Resource links provided by the National Library of Medicine

MedlinePlus related topics: Psoriasis

Arm Intervention/treatment
Active Comparator: Alefacept alone
15 mg alefacept intramuscularly (IM) once weekly for 12 weeks
Drug: alefacept
IM
Other Names:
  • Amevive
  • ASP0485

Experimental: Alefacept + nbUVB
15 mg alefacept intramuscularly once weekly and narrow band Ultraviolet B (nbUVB) phototherapy 3 times per week for 12 weeks
Procedure: Narrow Band UVB Phototherapy
UVB Phototherapy




Primary Outcome Measures :
  1. Percentage of Subjects Who Achieve Psoriasis Area and Severity Index (PASI) 75 at Week 16 [ Time Frame: Week 16 ]

    The PASI score is a tool that allows investigators to assign an objective number to the degree of severity of a person's psoriasis, and considers: redness, scaling and thickness. Values for PASI score range from 0 (least) to 72 (worst).

    PASI 75 was defined as an improvement of at least 75% in PASI as compared to Baseline.

    The Last Observation Carry Forward (LOCF) method was used to impute missing data.
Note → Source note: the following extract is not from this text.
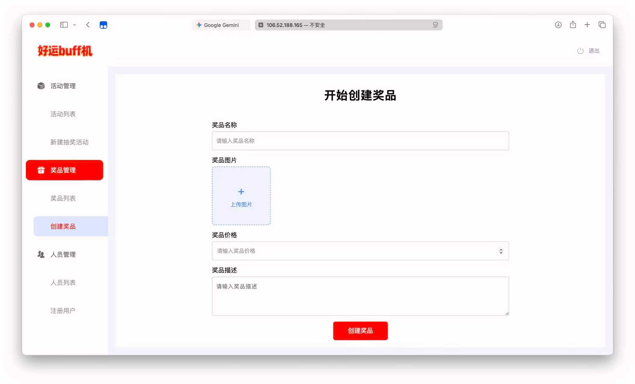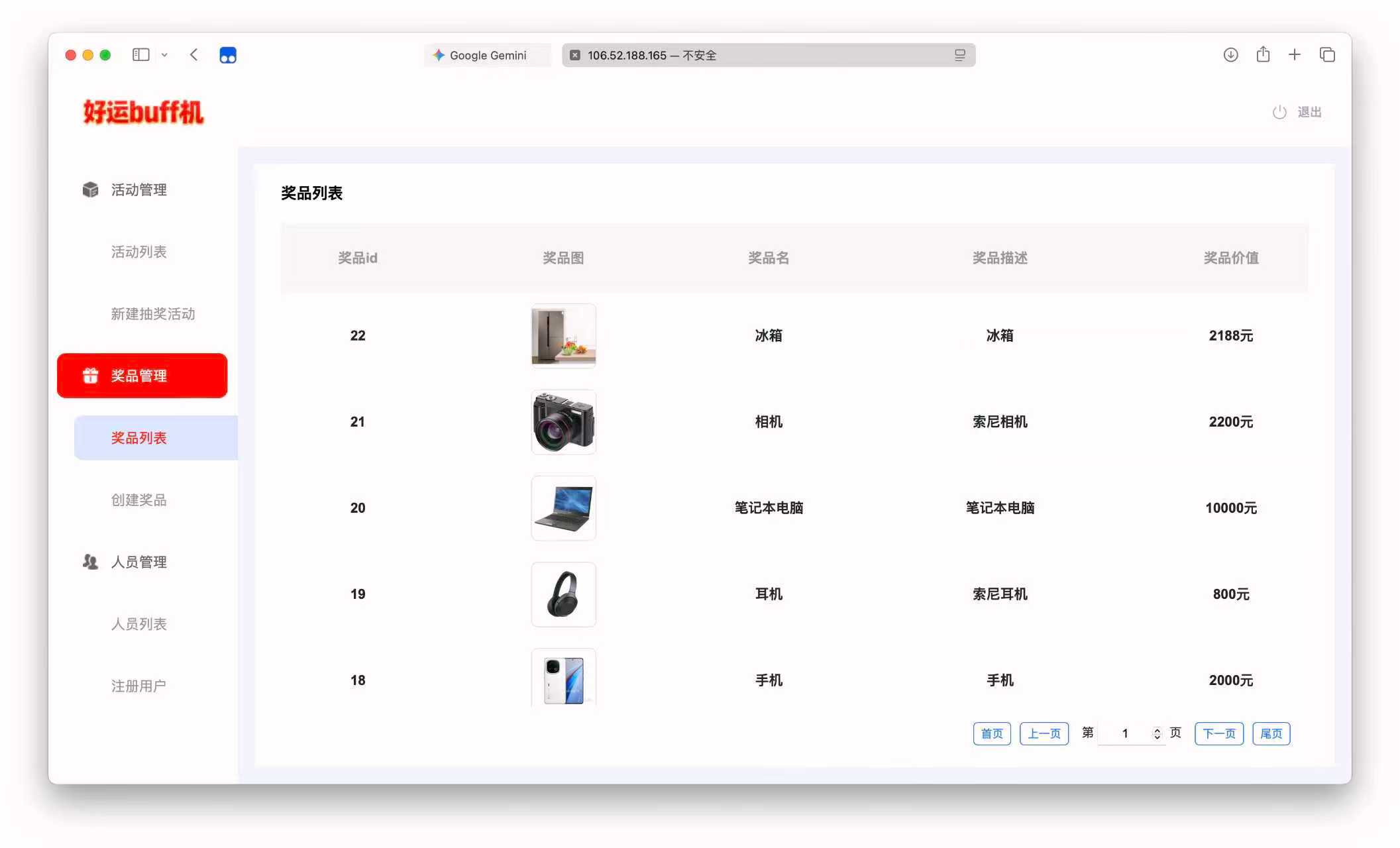 测试场景三:填写奖品名称、奖品图片,其他不填
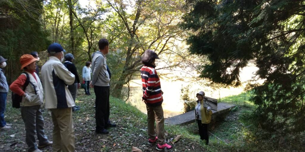 22日は秋晴れの気持ちのいい日、譲治のゆかりの地金川中学校(現在の御津高校)から、姉政野の嫁ぎ先である紙工(しとり)等ゆかりの地を歩き、途中で譲治の作品朗読も交えながらの楽しいウォーキングになりました。

Secondary Outcome Measures :
  1. Percentage of Subjects Reaching PASI 75 Over the Entire Course of the Study [ Time Frame: Week 36 ]

    The PASI score is a tool that allows investigators to assign an objective number to the degree of severity of a person's psoriasis, and considers: redness, scaling and thickness. Values for PASI score range from 0 (least) to 72 (worst).

    PASI 75 was defined as an improvement of at least 75% in PASI as compared to Baseline.

    The Last Observation Carry Forward (LOCF) method was used to impute missing data.


  2. Change in Body Surface Area (BSA) Covered With Psoriasis at Week 16 [ Time Frame: Baseline and Week 16 ]

    A negative change from Baseline represents improvement.

    Change is calculated as Week 16- Baseline.

    The Last Observation Carry Forward (LOCF) method was used to impute missing data.


  3. Change in Body Surface Area (BSA) Covered With Psoriasis Over the Entire Course of the Study [ Time Frame: Baseline and Week 36 ]

    A negative change from Baseline represents improvement.

    Change is calculated as Week 36- Baseline.

    The Last Observation Carry Forward (LOCF) method was used to impute missing data.


  4. Percentage of Subjects Who Achieved Physical Global Assessment (PGA) of Clear or Almost Clear at Week 16 [ Time Frame: Week 16 ]

    The PGA scale is a tool used to evaluate the degree of overall lesion severity. The scale ranges from 0 (clear) to 5 (very severe). Clear is defined as a score of 0; Almost Clear is defined as a score of 1.

    Subjects who achieved PGA of clear or almost clear at any visit during the study were assigned to the YES category for their respective groups.

    The Last Observation Carry Forward (LOCF) method was used to impute missing data.


  5. Percentage of Subjects Who Achieved Physical Global Assessment (PGA) of Clear or Almost Clear Over the Entire Course of the Study [ Time Frame: Week 36 ]

    The PGA scale is a tool used to evaluate the degree of overall lesion severity. The scale ranges from 0 (clear) to 5 (very severe). Clear is defined as a score of 0; Almost Clear is defined as a score of 1.

    Subjects who achieved PGA of clear or almost clear at any visit during the study were assigned to the YES category for their respective groups.

    The Last Observation Carry Forward (LOCF) method was used to impute missing data.


  6. Percentage of Subjects Who Achieve PASI 90 at Week 16 [ Time Frame: Week 16 ]

    The PASI score is a tool that allows investigators to assign an objective number to the degree of severity of a person's psoriasis, and considers: redness, scaling and thickness. Values for PASI score range from 0 (least) to 72 (worst).

    PASI 90 was defined as an improvement of at least 90% in PASI as compared to Baseline.

    The Last Observation Carry Forward (LOCF) method was used to impute missing data.


  7. Time to Relapse [ Time Frame: Week 36 ]

    The analysis only included subjects who achieved a 75% improvement in PASI and then relapsed.

    Relapse is defined by a loss of 50% of improvement in PASI.


  8. Time for 50% Decrease in PASI [ Time Frame: Week 36 ]

    The PASI score is a tool that allows investigators to assign an objective number to the degree of severity of a person's psoriasis, and considers: redness, scaling and thickness. Values for PASI score range from 0 (least) to 72 (worst).

    Only subjects who experienced 50% decrease in PASI were included in the analysis.


  9. Time for a 75% Decrease in PASI [ Time Frame: Week 36 ]

    The PASI score is a tool that allows investigators to assign an objective number to the degree of severity of a person's psoriasis, and considers: redness, scaling and thickness. Values for PASI score range from 0 (least) to 72 (worst).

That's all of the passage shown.